__Source information__
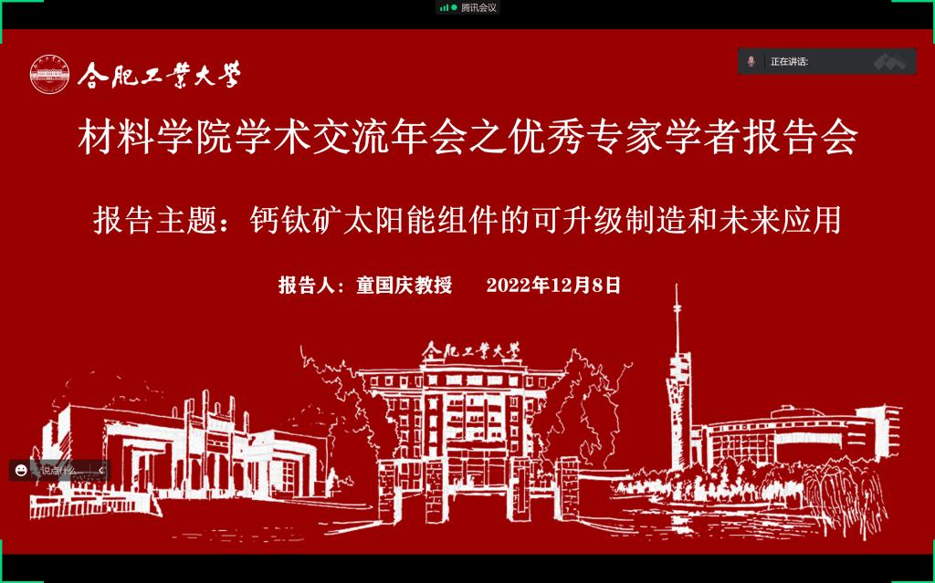 为了提高研究生学术素养,开拓学术视野,提高学生的学习兴趣,威尼斯9499登录入口邀请了威尼斯9499登录入口黄山学者优秀青年人才计划主持人童国庆教授于12月8日在材料楼6楼601会议室做关于钙钛矿太阳能组件的可升级制造和未来应用报告会。
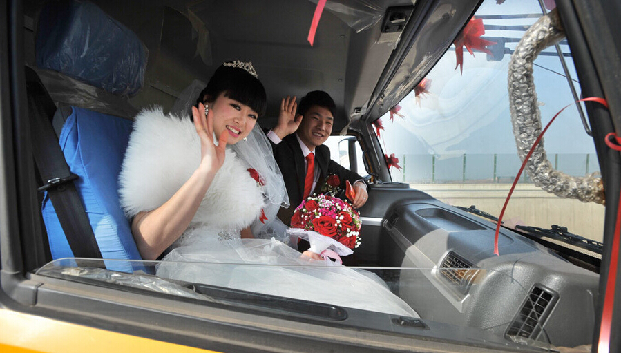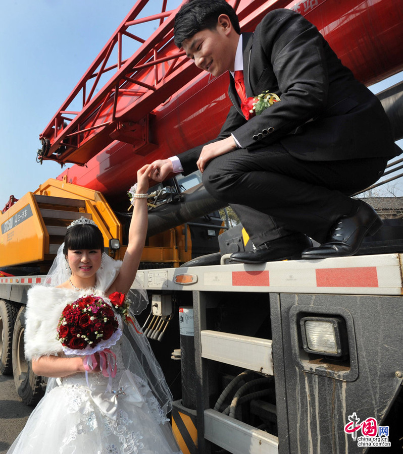 4辆50吨吊车,加上2辆25吨吊车,组成6辆吊车的车队,寓意“六六大顺”。25岁的新郎告诉记者,因为平时工作在吊车上,所以他想用这种特殊的方式,来迎娶最爱的人。他表示,尽管宝马、奔驰价值不菲,相比之下,他们的吊车一点都不掉价,以50吨吊车为例,一辆价值都在160万以上。
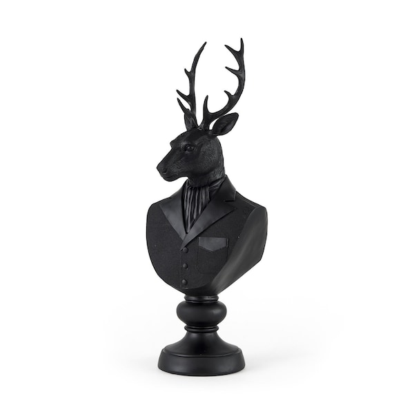 23" Black Polyresin Suited Deer Bust Tabletop Sculpture
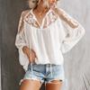 Women Fashion Lace Patchwork Long Sleeve Blouse Casual Loose Tops T-Shirt
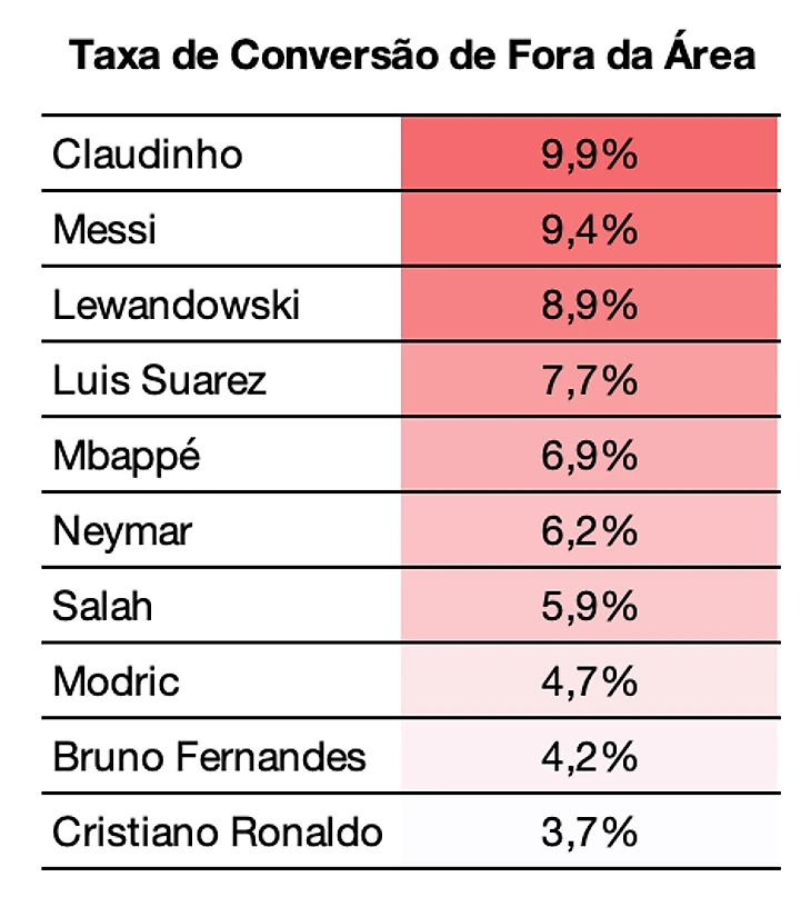 Более того, есть такой чумовой показатель как эффективность его дальних ударов. Почти 10% попыток закончились голов (в среднем по лиге эта цифра 3%)
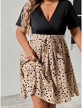 Naisten Pluskoko Rento mekko Leopardi V kaula-aukko Lyhythihainen Kevät Syksy Tyylikäs Muoti Moderni Vapaa-aika Minimekko Päivittäin Pyhäpäivä Mekko
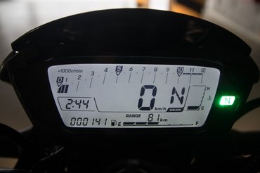 Műszerfal sokszorosan reciklált darab, ugyanez van a hétötvenes és ezres GSX-S-en is, viszont minden fontos dolgot tud, a fordulatszámtól kezdve az átlagfogyasztáson és az üzemanyagszinten át a fokozatkijelzőig. A visszapillantó szintén a funkció győzelme az esztétika felett, a célnak tökéletesen megfelel, látni a mögöttes forgalmat, de egy rövidebb tükörszárral nem akadnánk fel a sorok között, míg az egyszerre jó és szép megoldás a kormányvégtükör lenne.

__About this exercise__
With the images excluded, all entries are to be given again exactly.

__Result__
 为了提高研究生学术素养,开拓学术视野,提高学生的学习兴趣,威尼斯9499登录入口邀请了威尼斯9499登录入口黄山学者优秀青年人才计划主持人童国庆教授于12月8日在材料楼6楼601会议室做关于钙钛矿太阳能组件的可升级制造和未来应用报告会。
 4辆50吨吊车,加上2辆25吨吊车,组成6辆吊车的车队,寓意“六六大顺”。25岁的新郎告诉记者,因为平时工作在吊车上,所以他想用这种特殊的方式,来迎娶最爱的人。他表示,尽管宝马、奔驰价值不菲,相比之下,他们的吊车一点都不掉价,以50吨吊车为例,一辆价值都在160万以上。
 23" Black Polyresin Suited Deer Bust Tabletop Sculpture
 Women Fashion Lace Patchwork Long Sleeve Blouse Casual Loose Tops T-Shirt
 Более того, есть такой чумовой показатель как эффективность его дальних ударов. Почти 10% попыток закончились голов (в среднем по лиге эта цифра 3%)
 Naisten Pluskoko Rento mekko Leopardi V kaula-aukko Lyhythihainen Kevät Syksy Tyylikäs Muoti Moderni Vapaa-aika Minimekko Päivittäin Pyhäpäivä Mekko
 Műszerfal sokszorosan reciklált darab, ugyanez van a hétötvenes és ezres GSX-S-en is, viszont minden fontos dolgot tud, a fordulatszámtól kezdve az átlagfogyasztáson és az üzemanyagszinten át a fokozatkijelzőig. A visszapillantó szintén a funkció győzelme az esztétika felett, a célnak tökéletesen megfelel, látni a mögöttes forgalmat, de egy rövidebb tükörszárral nem akadnánk fel a sorok között, míg az egyszerre jó és szép megoldás a kormányvégtükör lenne.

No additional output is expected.